= James Watson Robbins =

American physician

James Watson Robbins (November 18, 1801 – January 10, 1879) was an American medical doctor and botanist.

Robbins, son of Ammi R. and Salome Robbing, of Colebrook, Connecticut, and grandson of Rev. Ammi R. Robbins, of Norfolk, Connecticut, was born in Colebrook, November 18, 1801.

He graduated from Yale College in 1822. For a few months after graduation he taught in Enfield, Connecticut, and then went to Virginia, where he was similarly employed for some three years, in the family of Hon. Wm. L. Brent, and in the Peyton family at Warrenton, and at Arlington, where Robert E. Lee, afterwards general-in-chief of the Confederate army, was prepared by him for West Point. Returning to New Haven in the latter part of 1825, he began the study of medicine, graduating from Yale Medical School in 1828. He spent six months of the year 1829 in a botanical exploration of the New England states; and in this way formed the acquaintance of Dr. George Willard, of Uxbridge, Massachusetts, who induced him to settle in that town. He practiced medicine in Uxbridge (at first in partnership with Dr. Willard) for thirty years, until 1859, when he accepted an appointment as physician and surgeon of several copper mining companies near Portage Lake, Lake Superior, Michigan.
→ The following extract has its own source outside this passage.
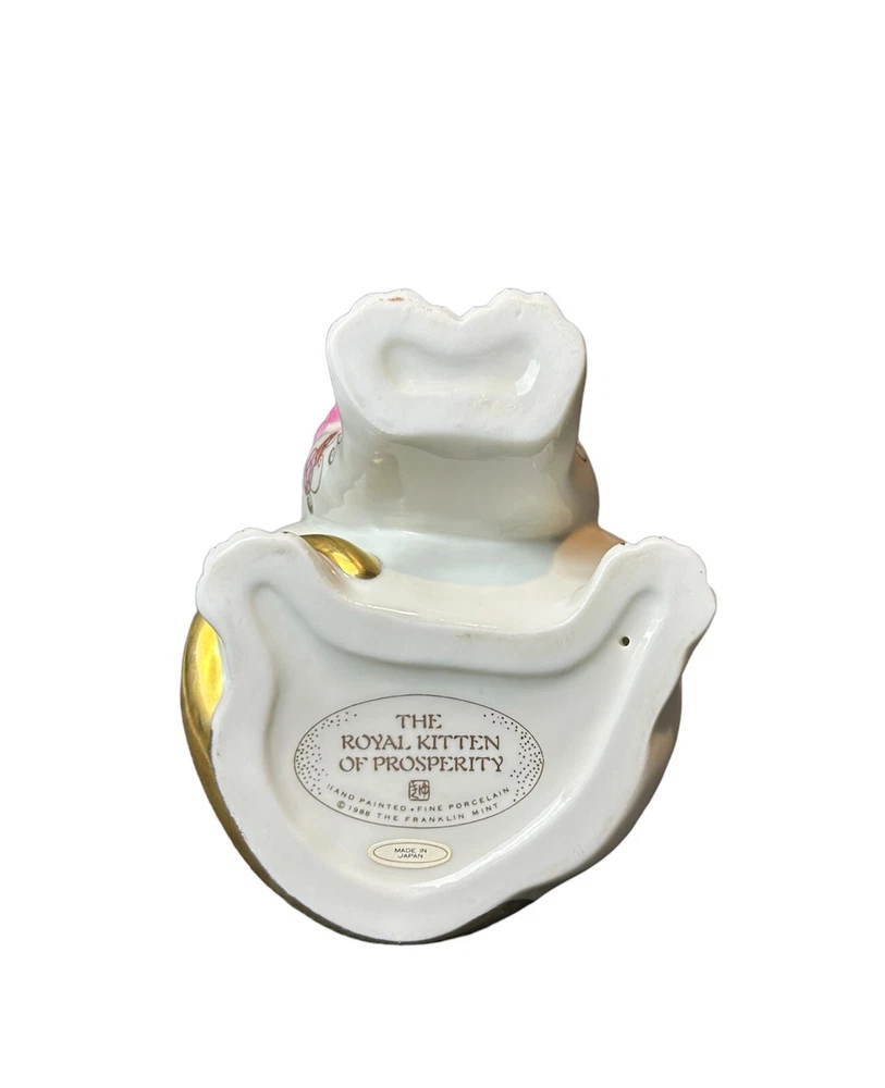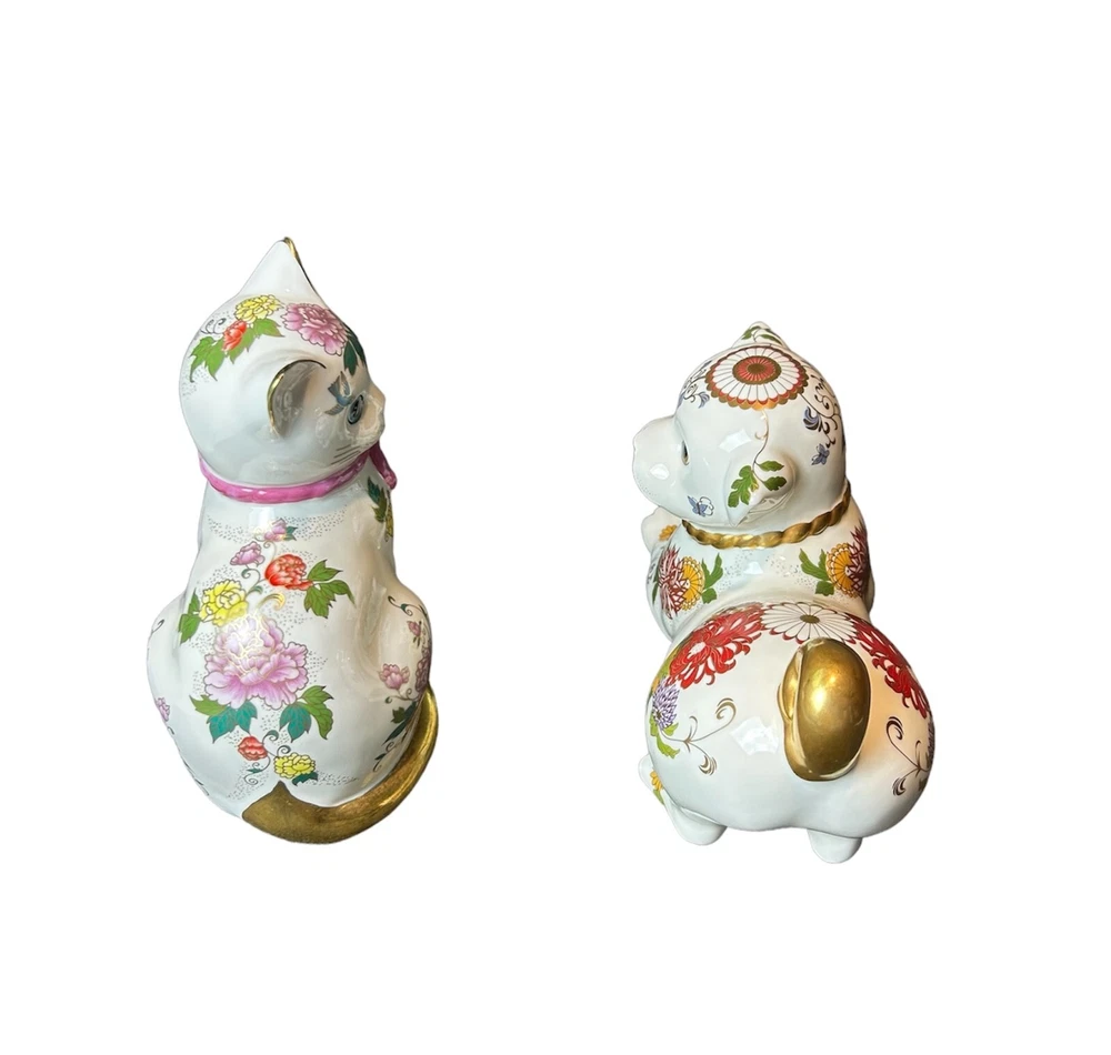 Adorable "Imperial Puppy of Satsuma" and " Royal Kitten of Prosperity" were designed by renowned artist Yuki Morioka for Franklin Mint in 1987 and 1988 respectively. They are made of fine porcelain and are hand decorated with 24K gold. The puppy is approximately 6" tall and 8" long. The kitten measures approximately 7 5/8" in height and is 5 1/4" wide. Free of chips or cracks. Some minor age related wear to gilt (please refer to photos).

During his professional life he had devoted himself largely to botany, gathering a valuable library, second, it is believed, to no private botanical library in the country; and in the four years of his residence near Lake Superior, he made extensive botanical researches, and these were followed by a tour in 1863-4 down the Mississippi to Texas and Cuba, which resulted in very valuable collections. He then returned to Uxbridge, where he spent the remainder of his life, mostly retired from medical practice and devoting his leisure to his favorite pursuit. He died there, January 10, 1879, in his 78th year, of a disease of the kidneys, caused by the presence of trichinae. He was unmarried.